+++ GIVEN RECORDS +++
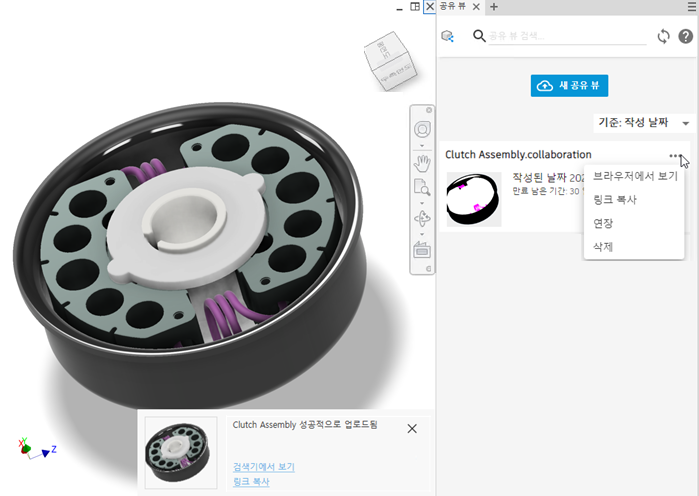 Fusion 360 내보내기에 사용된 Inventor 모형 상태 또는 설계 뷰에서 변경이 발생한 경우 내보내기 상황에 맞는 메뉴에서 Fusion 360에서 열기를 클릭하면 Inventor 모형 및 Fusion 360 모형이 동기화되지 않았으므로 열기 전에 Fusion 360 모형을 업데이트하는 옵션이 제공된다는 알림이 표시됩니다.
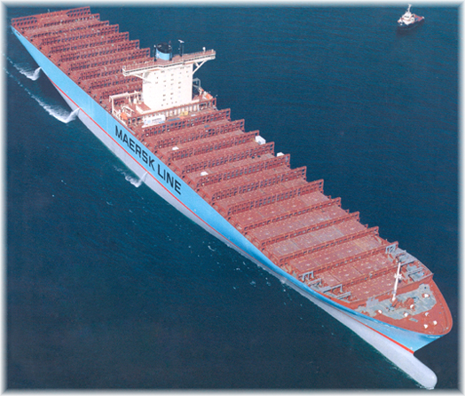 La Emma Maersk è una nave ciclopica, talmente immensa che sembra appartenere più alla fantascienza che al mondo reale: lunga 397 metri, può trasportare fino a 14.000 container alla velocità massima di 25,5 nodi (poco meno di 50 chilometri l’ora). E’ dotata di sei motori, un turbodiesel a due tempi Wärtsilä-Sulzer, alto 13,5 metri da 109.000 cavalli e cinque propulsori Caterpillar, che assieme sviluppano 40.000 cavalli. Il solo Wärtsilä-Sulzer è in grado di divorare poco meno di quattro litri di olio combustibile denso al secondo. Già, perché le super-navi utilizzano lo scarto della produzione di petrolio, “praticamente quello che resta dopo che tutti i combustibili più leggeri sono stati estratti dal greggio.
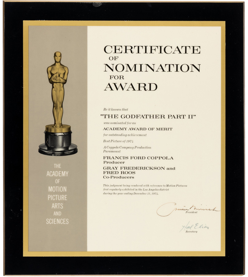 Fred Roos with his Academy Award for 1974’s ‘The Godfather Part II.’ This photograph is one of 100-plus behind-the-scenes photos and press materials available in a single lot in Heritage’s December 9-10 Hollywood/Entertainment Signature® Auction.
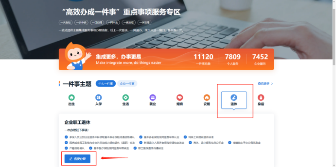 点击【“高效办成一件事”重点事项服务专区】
+++
+++ GIVEN RECORDS +++
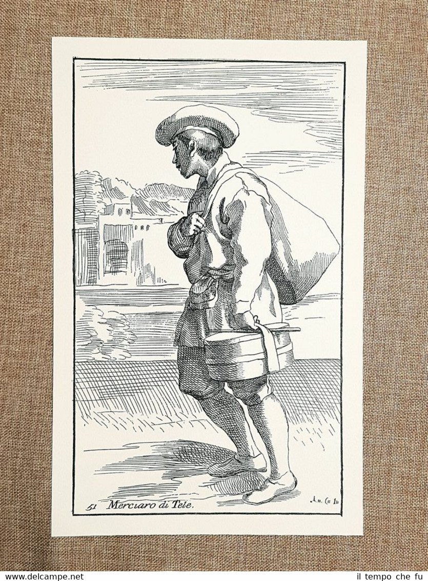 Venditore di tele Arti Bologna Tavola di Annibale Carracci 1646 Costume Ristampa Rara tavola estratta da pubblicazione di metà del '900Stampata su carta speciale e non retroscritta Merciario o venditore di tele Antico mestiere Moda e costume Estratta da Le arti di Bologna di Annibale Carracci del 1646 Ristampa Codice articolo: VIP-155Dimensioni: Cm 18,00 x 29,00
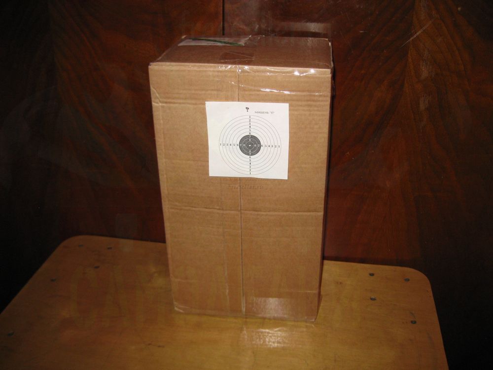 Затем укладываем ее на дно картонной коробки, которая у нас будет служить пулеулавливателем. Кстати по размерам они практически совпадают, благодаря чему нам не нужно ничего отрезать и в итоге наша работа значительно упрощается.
+++
+++ GIVEN RECORDS +++
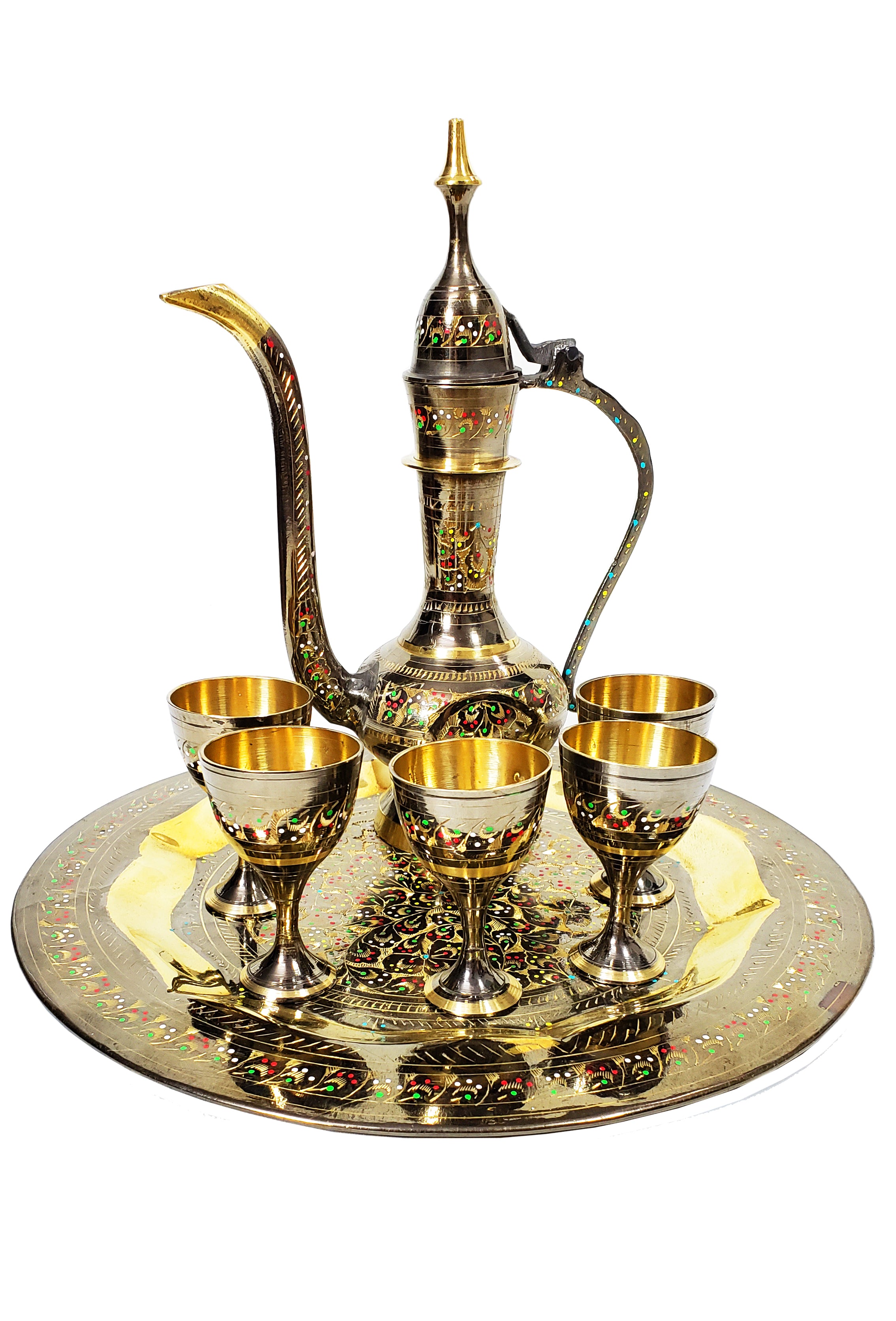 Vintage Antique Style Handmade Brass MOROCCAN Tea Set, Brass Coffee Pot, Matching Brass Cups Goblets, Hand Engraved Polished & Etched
+++
_WHAT YOU ARE ASKED TO DO_.
Above are the records; restate exactly the lines from the one containing "Venditore di tele Arti" through the one containing "Затем укладываем ее", keeping pictures out.

_EXERCISE OUTPUT_.
 Venditore di tele Arti Bologna Tavola di Annibale Carracci 1646 Costume Ristampa Rara tavola estratta da pubblicazione di metà del '900Stampata su carta speciale e non retroscritta Merciario o venditore di tele Antico mestiere Moda e costume Estratta da Le arti di Bologna di Annibale Carracci del 1646 Ristampa Codice articolo: VIP-155Dimensioni: Cm 18,00 x 29,00
 Затем укладываем ее на дно картонной коробки, которая у нас будет служить пулеулавливателем. Кстати по размерам они практически совпадают, благодаря чему нам не нужно ничего отрезать и в итоге наша работа значительно упрощается.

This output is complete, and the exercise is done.